DATA UNDER STUDY -
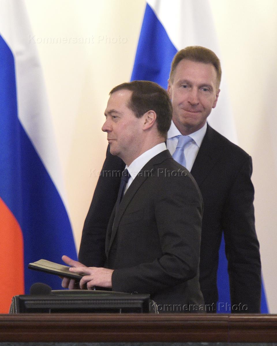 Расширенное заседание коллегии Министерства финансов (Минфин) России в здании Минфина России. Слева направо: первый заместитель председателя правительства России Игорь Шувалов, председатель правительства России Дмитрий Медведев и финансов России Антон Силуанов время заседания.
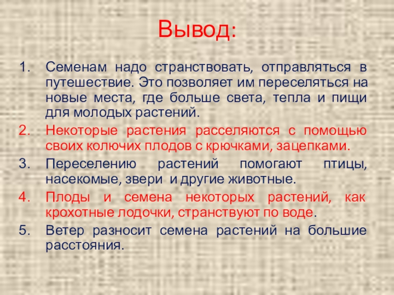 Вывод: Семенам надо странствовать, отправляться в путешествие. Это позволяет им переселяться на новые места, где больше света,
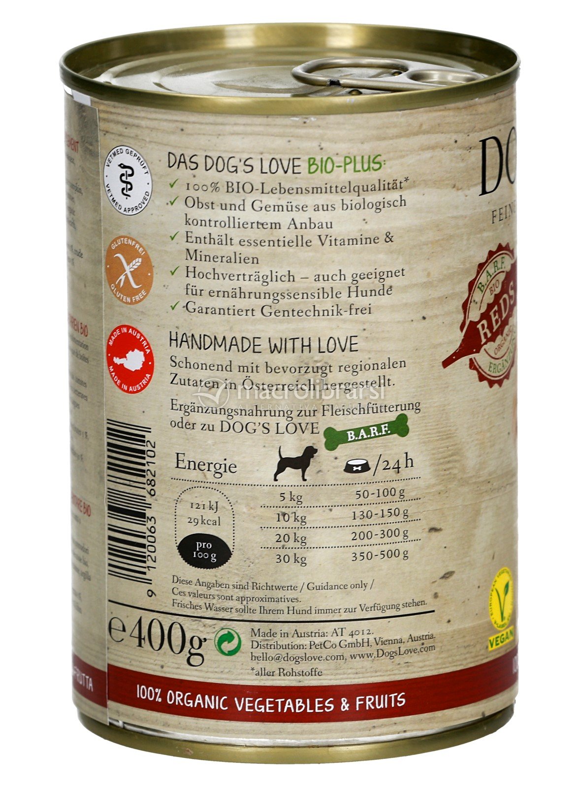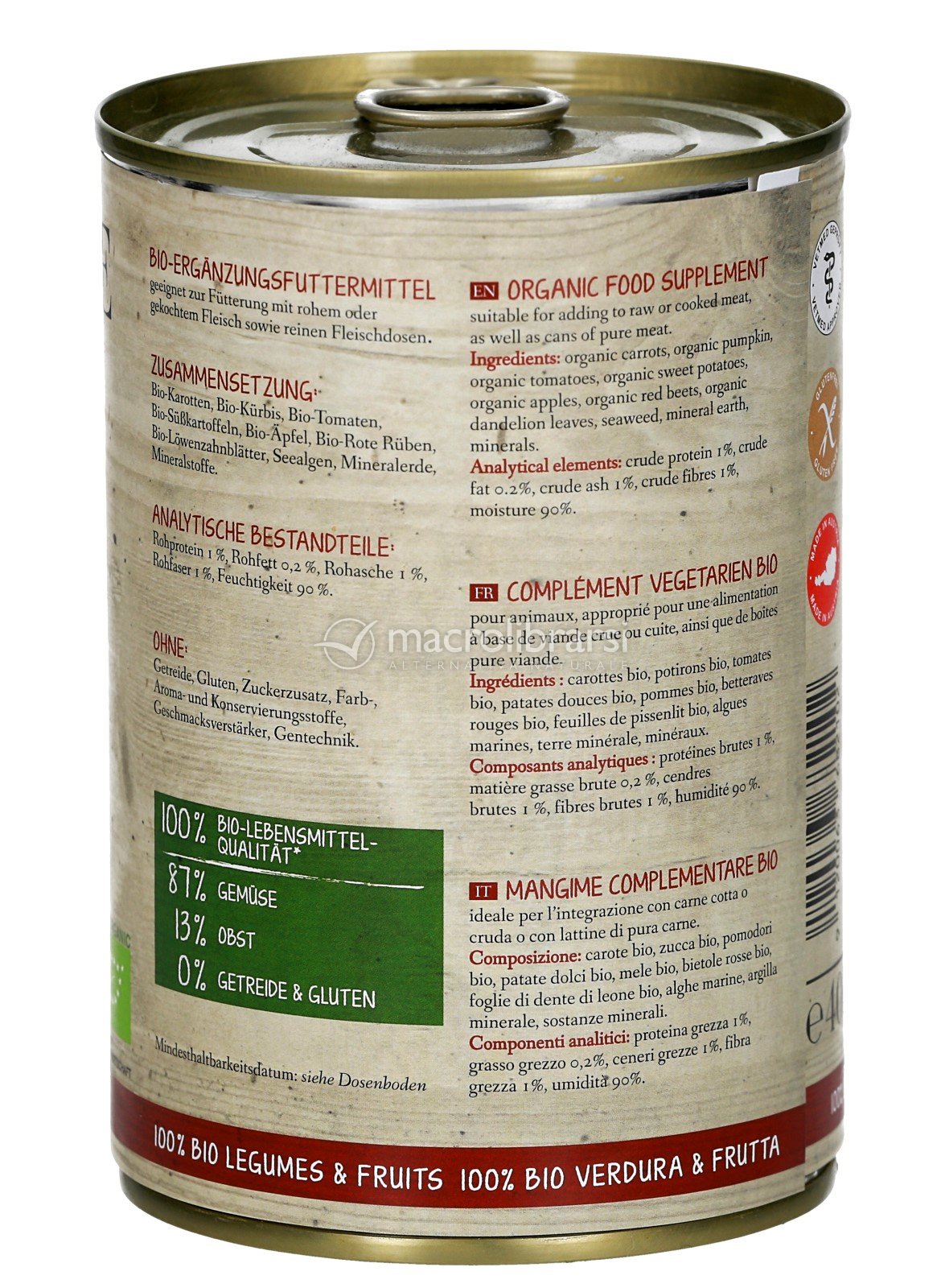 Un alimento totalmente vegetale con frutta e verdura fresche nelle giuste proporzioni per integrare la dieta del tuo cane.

--

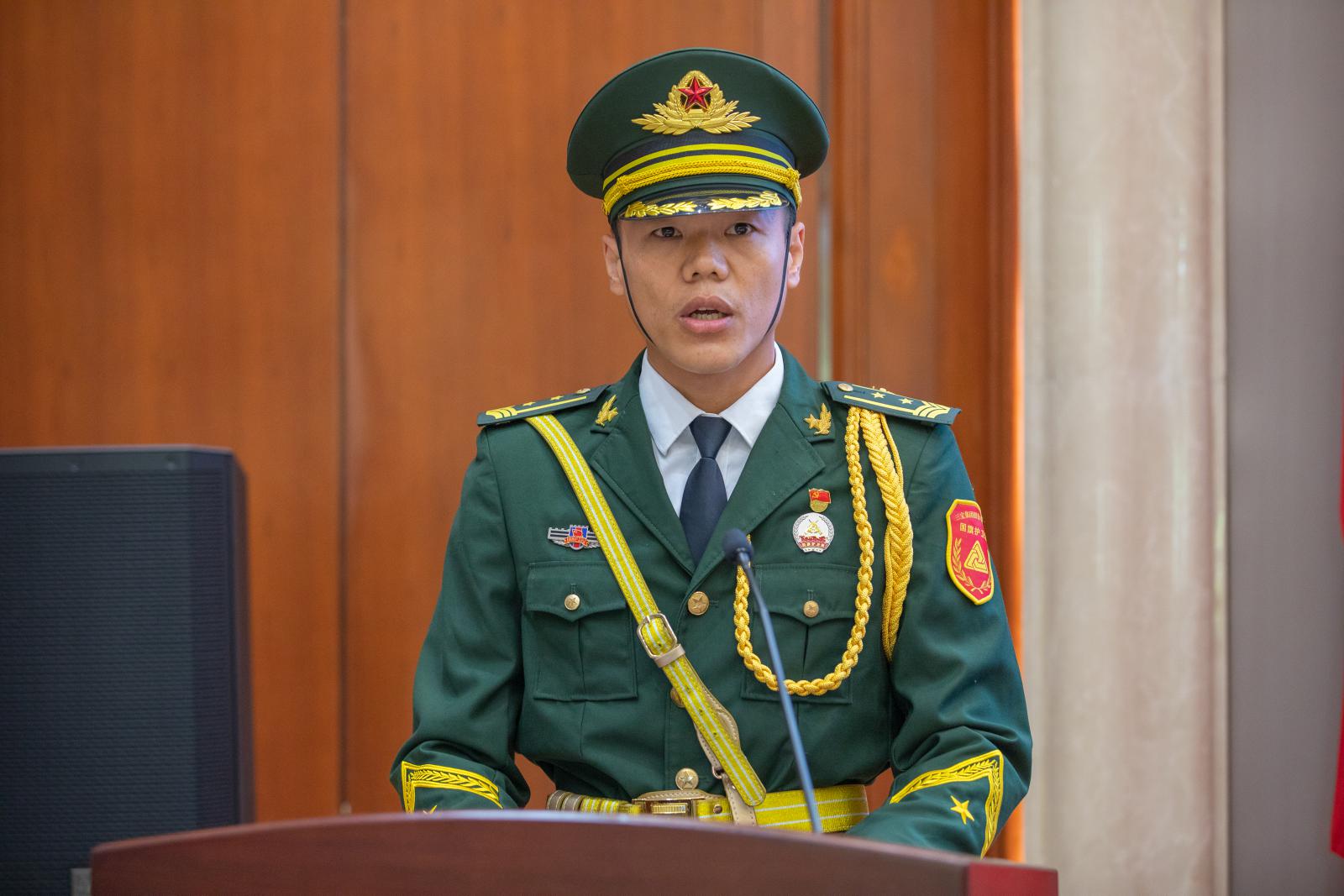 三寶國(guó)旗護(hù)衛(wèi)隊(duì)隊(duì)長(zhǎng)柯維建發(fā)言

WHAT TO PRODUCE -
Copy word for word the lines of the records above from the one with "Расширенное заседание коллегии" up to and including the one with "Un alimento totalmente". Skip the pictures.

EXPECTED ANSWER -
 Расширенное заседание коллегии Министерства финансов (Минфин) России в здании Минфина России. Слева направо: первый заместитель председателя правительства России Игорь Шувалов, председатель правительства России Дмитрий Медведев и финансов России Антон Силуанов время заседания.
 Вывод: Семенам надо странствовать, отправляться в путешествие. Это позволяет им переселяться на новые места, где больше света,
 Un alimento totalmente vegetale con frutta e verdura fresche nelle giuste proporzioni per integrare la dieta del tuo cane.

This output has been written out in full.